Task: All pictures are to be dropped, and the remaining data set down exactly.

[Items from a dataset]
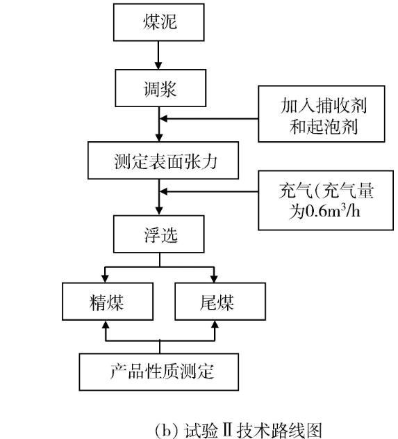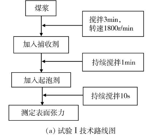 試驗(yàn)分為試驗(yàn)Ⅰ和試驗(yàn)Ⅱ兩部分。在試驗(yàn)Ⅰ中,先后改變捕收劑和起泡劑用量,對(duì)添加浮選藥劑后煤漿的表面張力進(jìn)行測(cè)定,以研究浮選藥劑用量對(duì)煤漿表面張力影響的規(guī)律。在試驗(yàn)Ⅱ中選用煤油/仲辛醇做捕收劑/起泡劑,先后改變煤油和仲辛醇的用量,按照《GB/T 4757-2013煤粉(泥)實(shí)驗(yàn)室單元浮選試驗(yàn)方法》對(duì)馬蘭2#煤泥進(jìn)行浮選試驗(yàn),并在浮選充氣前對(duì)煤漿同步進(jìn)行表面張力的測(cè)定,進(jìn)一步對(duì)浮選過(guò)程中浮選藥劑量、煤漿表面張力及浮選效果之間的關(guān)系進(jìn)行探索。試驗(yàn)控制煤漿濃度為100 g/L,溫度為22±0.2℃;使用一次去離子水(pH值為7.0±0.2)。試驗(yàn)技術(shù)路線見(jiàn)圖1。
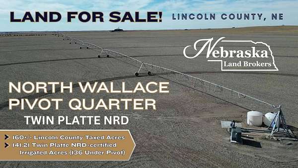 NORTH WALLACE IRRIGATED FARM Located approximately 7 miles north of Wallace, NE on Dairy Road is this very nice pivot irrigated farm which is in the Twin Platte NRD. Take a look at this investment opportunity to own a productive pivot irrigated farm. Highlights of the farm include: Very good county gravel road access 160+/- Lincoln County taxed acres 141.21 Twin Platte NRD certified irrigated acres (136 under pivot) 2012 8 tower Reinke Pivot Electric powered irrigation pumping system Strong tenants in area for investor Buyer Multiple commodity marketing opportunities Looking for a pivot irrigated farm to add to your portfolio? Take a look at this opportunity in southwestern Lincoln County, NE. This productive farm is in an area of competitive tenants for the investor and would be a nice addition to your operation. IRRIGATION EQUIPMENT AND SOILS The pivot irrigation system is a 2012 (8) tower Reinke pivot with 16,934 hours, a 100 hp electric motor installed in 2022 and Western Land Roller irrigation pump that was reworked with a 5 stage bowl assembly in 2023. Registered NE Irrigation well G-061919 was drilled in 1979 and includes 141.21 Twin Platte NRD certified irrigated acres with 136 of the acres under the pivot. The pivot irrigated cropland soils consist of 65.5% Class II Hord and Holdrege silt loams with 0-3% slopes and Hersh-Anselmo fine sandy loams with 0-3% slopes, 23.2% Class III Hersh fine sandy loams with 3-6% slopes. The balance of the cropland consists of Class IV Valent, Hersh and Valentine soils. In the center of the field is a ponding area that drains to the northwest corner of the pivot. This area is about 3.5 acres total. There is a stock tank located on the southwest corner of the farm. Water to the tank is provided by a pump and buried pipeline from a well on the Seller's pivot to the west. Use of this water line can be negotiated with a Buyer. The farm is currently leased out for the 2026 season with a good tenant and lease terms are available from the Broker. ACRES: 160+/- Lincoln County tax accessed acres LOCATION: The pivot irrigated farm is located in southwestern Lincoln County on Dairy Road about 7 miles north of Wallace, NE. LEGAL DESCRIPTION: Township 11 North - Range 34 West of the 6th P.M., Lincoln County, Nebraska Section 8: SW1/4 FSA BASE INFORMATION: Coming soon. REAL ESTATE TAXES: 2025 taxes payable 2026 are $4,324. Twin Platte NRD OCCUPATION TAXES: $987
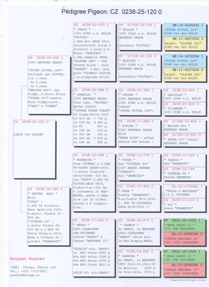 Gołąbek z hodowli Gustav Kocyan. Szczegóły pochodzenia w rodowodzie. Wysyłka kurierem po wcześniejszej wpłacie na konto w banku Polskim. Koszt transportu 150 zł.za paczke. Mile widziany jest także odbiór osobisty. Hodowca mówi po polsku.
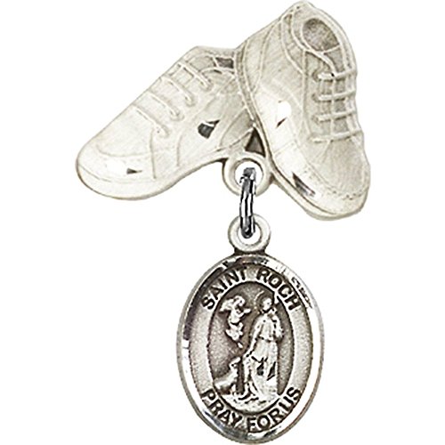 -. Title : Sterling Silver Baby Badge with St. Roch Charm and Baby Boots Pin 1 X 5/8 inches
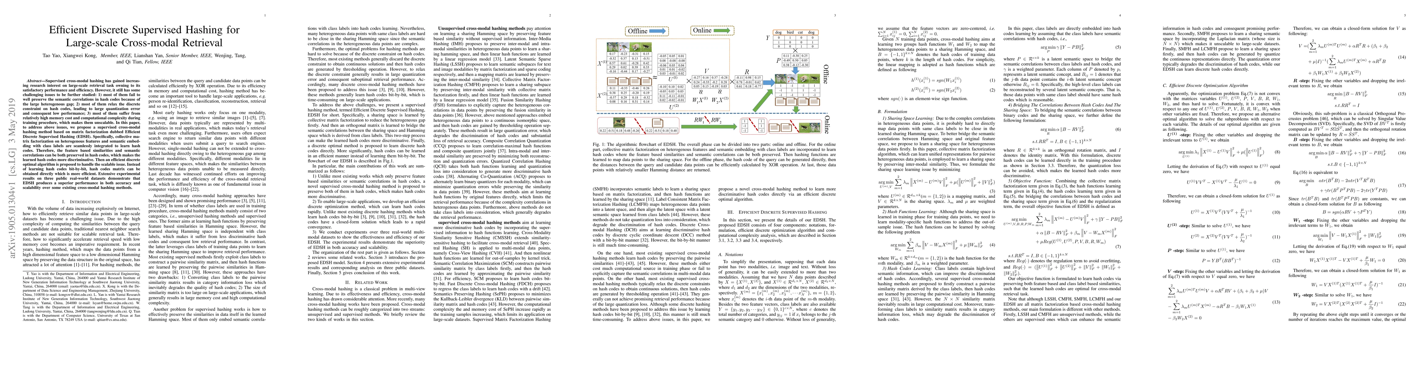 This paper proposes Efficient Discrete Supervised Hashing (EDSH) to address challenges in supervised cross-modal hashing, including preserving semantic correlations and reducing quantization errors. EDSH integrates matrix factorization and semantic embedding to learn discriminative hash codes efficiently.
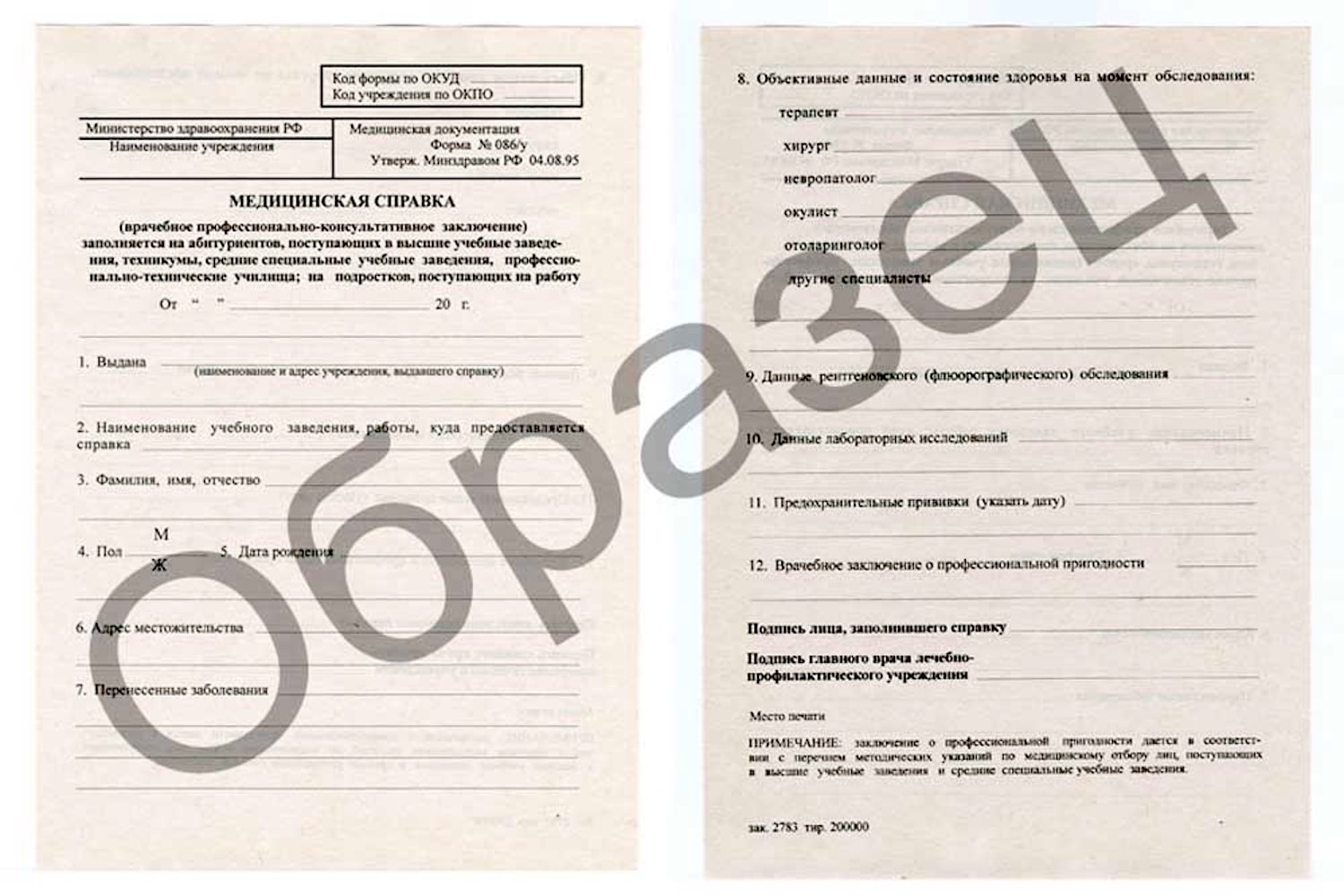 Медицинская справка формы 086у предоставляется абитуриентами при поступлении в учебные заведения и при устройстве на работу.
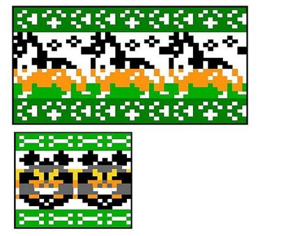 - a 12-stitch Sheltie face from the front with a bone peerie
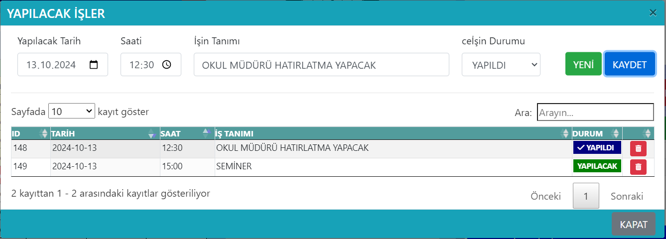 Bir de sağ alt köşede "Ajanda-Planlama-Yapılacak İşler" butonu var onu tıkladığımız zaman ise yapılacak işler sayfasında ayarladığımız tarih ve saatte iş tanımını da belirleyip kaydettiğimizde yapılacak işler listesine eklemiş oluyoruz. Aynı zamanda eğer bu iş bugün yapılacaksa sayfamızın sağ alt köşesinde bildirim şeklinde görünmektedir. Herhangi bir iş yapıldığı zaman bunu "Yapılacak" yerine "Yapıldı" diye onayladığımız zaman ana sayfadaki bildirimlerden kalkmış oluyor.
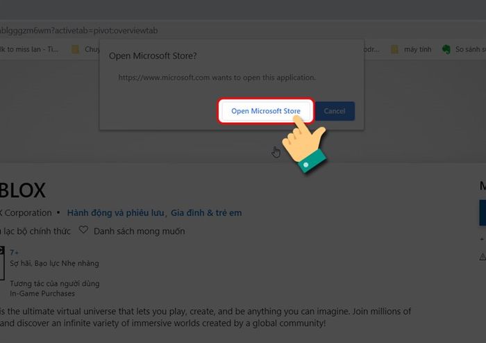 Bước 3: Giao diện mới sẽ yêu cầu chuyển sang cửa hàng Microsoft, bạn chọn Mở Microsoft Store để tiếp tục.
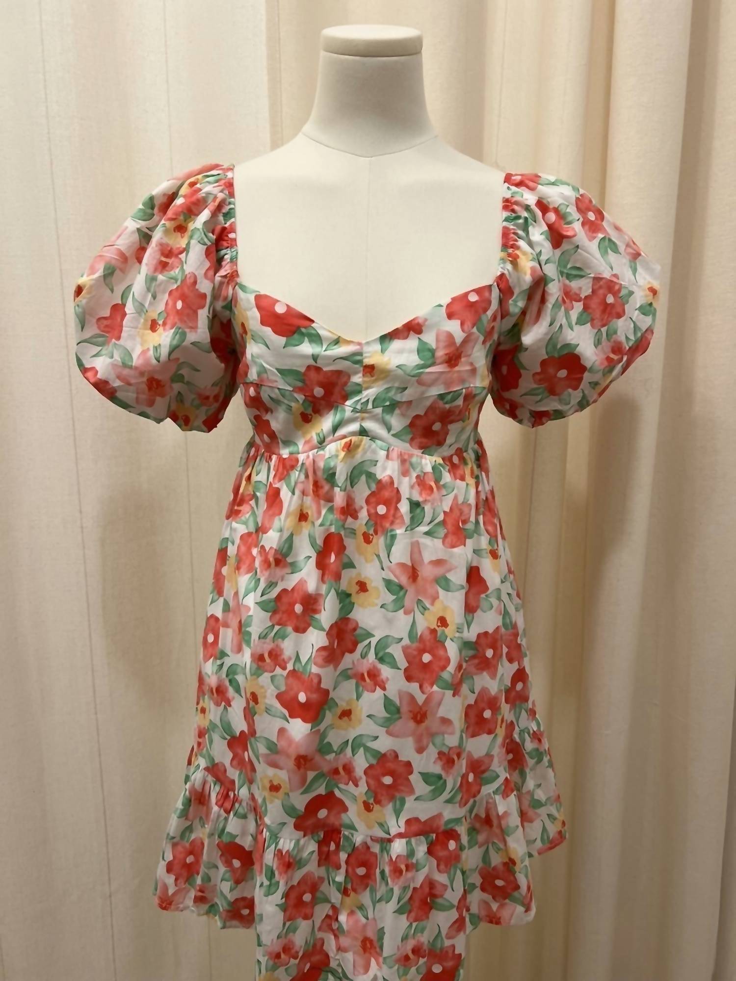 The kind of easy and flattering dress you'll be reaching for all season long. Introduce a touch of boho chic to your summer wardrobe with the &merci Floral Sweetheart Mini Dress in a charming Pink/White floral pattern. This 100% cotton dress features short puff sleeves and an empire waist silhouette, complemented by a romantic sweetheart neckline. Designed for vacation-ready style, it secures with a convenient side zipper closure. Care instructions: Hand wash and line dry for lasting quality.
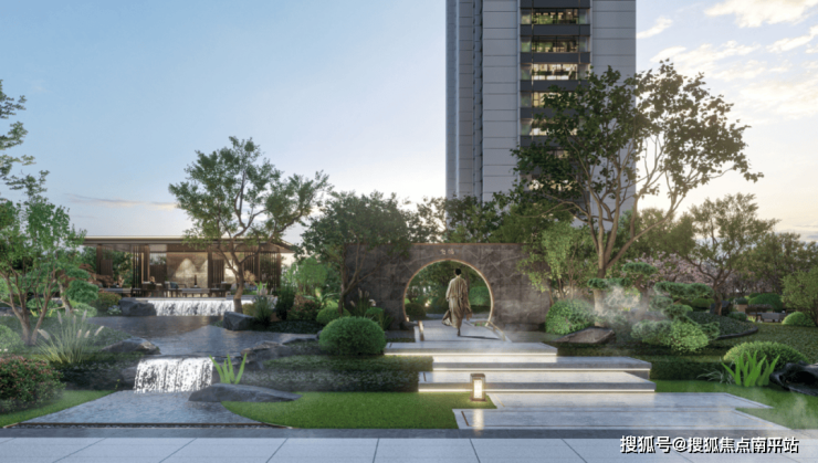 ▲建投·津樾府项目“鱼跃龙门”主题园林

Problem solution:
 試驗(yàn)分為試驗(yàn)Ⅰ和試驗(yàn)Ⅱ兩部分。在試驗(yàn)Ⅰ中,先后改變捕收劑和起泡劑用量,對(duì)添加浮選藥劑后煤漿的表面張力進(jìn)行測(cè)定,以研究浮選藥劑用量對(duì)煤漿表面張力影響的規(guī)律。在試驗(yàn)Ⅱ中選用煤油/仲辛醇做捕收劑/起泡劑,先后改變煤油和仲辛醇的用量,按照《GB/T 4757-2013煤粉(泥)實(shí)驗(yàn)室單元浮選試驗(yàn)方法》對(duì)馬蘭2#煤泥進(jìn)行浮選試驗(yàn),并在浮選充氣前對(duì)煤漿同步進(jìn)行表面張力的測(cè)定,進(jìn)一步對(duì)浮選過(guò)程中浮選藥劑量、煤漿表面張力及浮選效果之間的關(guān)系進(jìn)行探索。試驗(yàn)控制煤漿濃度為100 g/L,溫度為22±0.2℃;使用一次去離子水(pH值為7.0±0.2)。試驗(yàn)技術(shù)路線見(jiàn)圖1。
 NORTH WALLACE IRRIGATED FARM Located approximately 7 miles north of Wallace, NE on Dairy Road is this very nice pivot irrigated farm which is in the Twin Platte NRD. Take a look at this investment opportunity to own a productive pivot irrigated farm. Highlights of the farm include: Very good county gravel road access 160+/- Lincoln County taxed acres 141.21 Twin Platte NRD certified irrigated acres (136 under pivot) 2012 8 tower Reinke Pivot Electric powered irrigation pumping system Strong tenants in area for investor Buyer Multiple commodity marketing opportunities Looking for a pivot irrigated farm to add to your portfolio? Take a look at this opportunity in southwestern Lincoln County, NE. This productive farm is in an area of competitive tenants for the investor and would be a nice addition to your operation. IRRIGATION EQUIPMENT AND SOILS The pivot irrigation system is a 2012 (8) tower Reinke pivot with 16,934 hours, a 100 hp electric motor installed in 2022 and Western Land Roller irrigation pump that was reworked with a 5 stage bowl assembly in 2023. Registered NE Irrigation well G-061919 was drilled in 1979 and includes 141.21 Twin Platte NRD certified irrigated acres with 136 of the acres under the pivot. The pivot irrigated cropland soils consist of 65.5% Class II Hord and Holdrege silt loams with 0-3% slopes and Hersh-Anselmo fine sandy loams with 0-3% slopes, 23.2% Class III Hersh fine sandy loams with 3-6% slopes. The balance of the cropland consists of Class IV Valent, Hersh and Valentine soils. In the center of the field is a ponding area that drains to the northwest corner of the pivot. This area is about 3.5 acres total. There is a stock tank located on the southwest corner of the farm. Water to the tank is provided by a pump and buried pipeline from a well on the Seller's pivot to the west. Use of this water line can be negotiated with a Buyer. The farm is currently leased out for the 2026 season with a good tenant and lease terms are available from the Broker. ACRES: 160+/- Lincoln County tax accessed acres LOCATION: The pivot irrigated farm is located in southwestern Lincoln County on Dairy Road about 7 miles north of Wallace, NE. LEGAL DESCRIPTION: Township 11 North - Range 34 West of the 6th P.M., Lincoln County, Nebraska Section 8: SW1/4 FSA BASE INFORMATION: Coming soon. REAL ESTATE TAXES: 2025 taxes payable 2026 are $4,324. Twin Platte NRD OCCUPATION TAXES: $987
 Gołąbek z hodowli Gustav Kocyan. Szczegóły pochodzenia w rodowodzie. Wysyłka kurierem po wcześniejszej wpłacie na konto w banku Polskim. Koszt transportu 150 zł.za paczke. Mile widziany jest także odbiór osobisty. Hodowca mówi po polsku.
 -. Title : Sterling Silver Baby Badge with St. Roch Charm and Baby Boots Pin 1 X 5/8 inches
 This paper proposes Efficient Discrete Supervised Hashing (EDSH) to address challenges in supervised cross-modal hashing, including preserving semantic correlations and reducing quantization errors. EDSH integrates matrix factorization and semantic embedding to learn discriminative hash codes efficiently.
 Медицинская справка формы 086у предоставляется абитуриентами при поступлении в учебные заведения и при устройстве на работу.
 - a 12-stitch Sheltie face from the front with a bone peerie
 Bir de sağ alt köşede "Ajanda-Planlama-Yapılacak İşler" butonu var onu tıkladığımız zaman ise yapılacak işler sayfasında ayarladığımız tarih ve saatte iş tanımını da belirleyip kaydettiğimizde yapılacak işler listesine eklemiş oluyoruz. Aynı zamanda eğer bu iş bugün yapılacaksa sayfamızın sağ alt köşesinde bildirim şeklinde görünmektedir. Herhangi bir iş yapıldığı zaman bunu "Yapılacak" yerine "Yapıldı" diye onayladığımız zaman ana sayfadaki bildirimlerden kalkmış oluyor.
 Bước 3: Giao diện mới sẽ yêu cầu chuyển sang cửa hàng Microsoft, bạn chọn Mở Microsoft Store để tiếp tục.
 The kind of easy and flattering dress you'll be reaching for all season long. Introduce a touch of boho chic to your summer wardrobe with the &merci Floral Sweetheart Mini Dress in a charming Pink/White floral pattern. This 100% cotton dress features short puff sleeves and an empire waist silhouette, complemented by a romantic sweetheart neckline. Designed for vacation-ready style, it secures with a convenient side zipper closure. Care instructions: Hand wash and line dry for lasting quality.
 ▲建投·津樾府项目“鱼跃龙门”主题园林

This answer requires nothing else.